Concerning independent claim 9, Patel et al. discloses all of the limitations of independent claim 1, and additionally:
“a microphone assembly comprising: a housing having a sound port and an external device interface with electrical contacts” – audio sensor array 105 comprises one or more microphones 105a-105n (“a microphone assembly”) (¶[0016]: Figure 1); audio processing device 100 may be implemented by a mobile phone, a smart speaker, a tablet, a laptop computer, a desktop computer, a voice controlled appliance, or an automobile (¶[0023]: Figure 1); implicitly, a mobile phone has “a housing”, “a sound port”, and “an external device interface with electrical contacts”; that is, “a housing” is the plastic case that circuitry of the mobile phone resides in, “a sound port” can be construed as microphone holes to enable sound to be detected by a microphone embedded in the mobile phone, and a USB connection enables “an external device interface with electrical contacts”;
“an electro-acoustic transducer disposed in the housing and configured to generate an electrical signal in response to detecting acoustic energy” – audio sensor array comprises a plurality of microphones 105a-105n, each generating an audio input signal which is provided to audio input circuitry 121 of audio signal processor 120; audio sensor array 105 generates a multichannel audio signal with each channel corresponding to an audio input signal from one of microphones 105a-105n (¶[0016]: Figure 1); each of microphones 105a-105n is “an electro-acoustic transducer . . . configured to generate an electrical signal in response to detecting acoustic energy”; implicitly, microphones 105a-105n are “disposed in the housing” of a mobile phone;
“an electrical circuit disposed in the housing and electrically coupled to contacts of the external device interface, the electrical circuit comprising: a converter configured to convert the electrical signal to digital audio” – audio signal processor 120 includes audio input circuitry 121 of audio signal processor 120; audio signal processor 120 includes a digital signal processor (DSP) 123 and analog-to-digital converter circuitry (“the electrical circuit comprising: a converter configured to convert the electrical signal to digital audio”) (¶[0017]: Figure 1); implicitly, audio signal processor 120 is “disposed in the housing” of  mobile phone; a mobile phone has at least a USB  that is “coupled to contacts of the external device interface”.

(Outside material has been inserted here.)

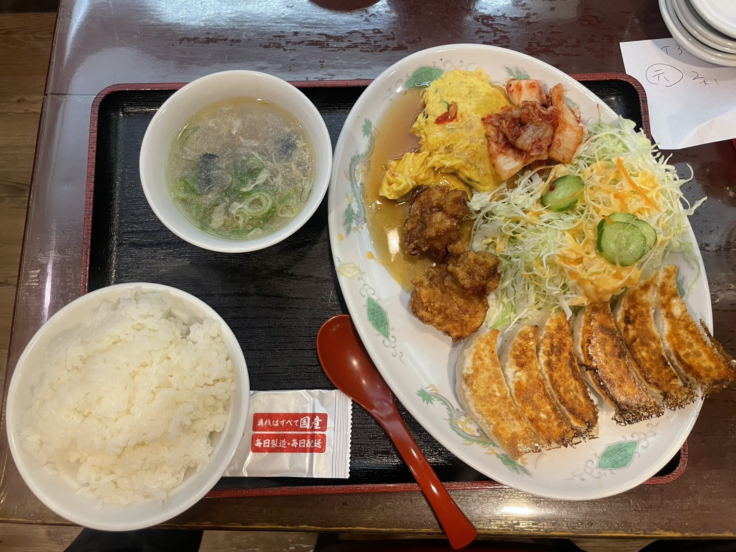 — 餃子・唐揚げ・玉子焼き・野菜が全部そろう、六甲道の神コスパ定食 —

Claim Rejections - 35 USC § 103
The following is a quotation of 35 U.S.C. 103 which forms the basis for all obviousness rejections set forth in this Office action:
A patent for a claimed invention may not be obtained, notwithstanding that the claimed invention is not identically disclosed as set forth in section 102, if the differences between the claimed invention and the prior art are such that the claimed invention as a whole would have been obvious before the effective filing date of the claimed invention to a person having ordinary skill in the art to which the claimed invention pertains. Patentability shall not be negated by the manner in which the invention was made.

Claims 6 to 7 and 15 are rejected under 35 U.S.C. 103 as being unpatentable over Patel et al. (U.S. Patent Publication 2019/0207777) in view of Bayse et al. (U.S. Patent Publication 2014/0163978).
Concerning claim 6, Patel et al. discloses a low-power trigger engine (“the LKDE”) and a high-power trigger engine (“the HKDE”), but omits these limitations of “wherein the LKDE is configured to determine likely presence of a keyword only if a preliminary condition is satisfied, and wherein the HKDE is configured to wakeup from the low-power sleep mode and determine likely presence of a keyword in data received at the interface while the data is buffered in the buffer if the preliminary condition is not satisfied.”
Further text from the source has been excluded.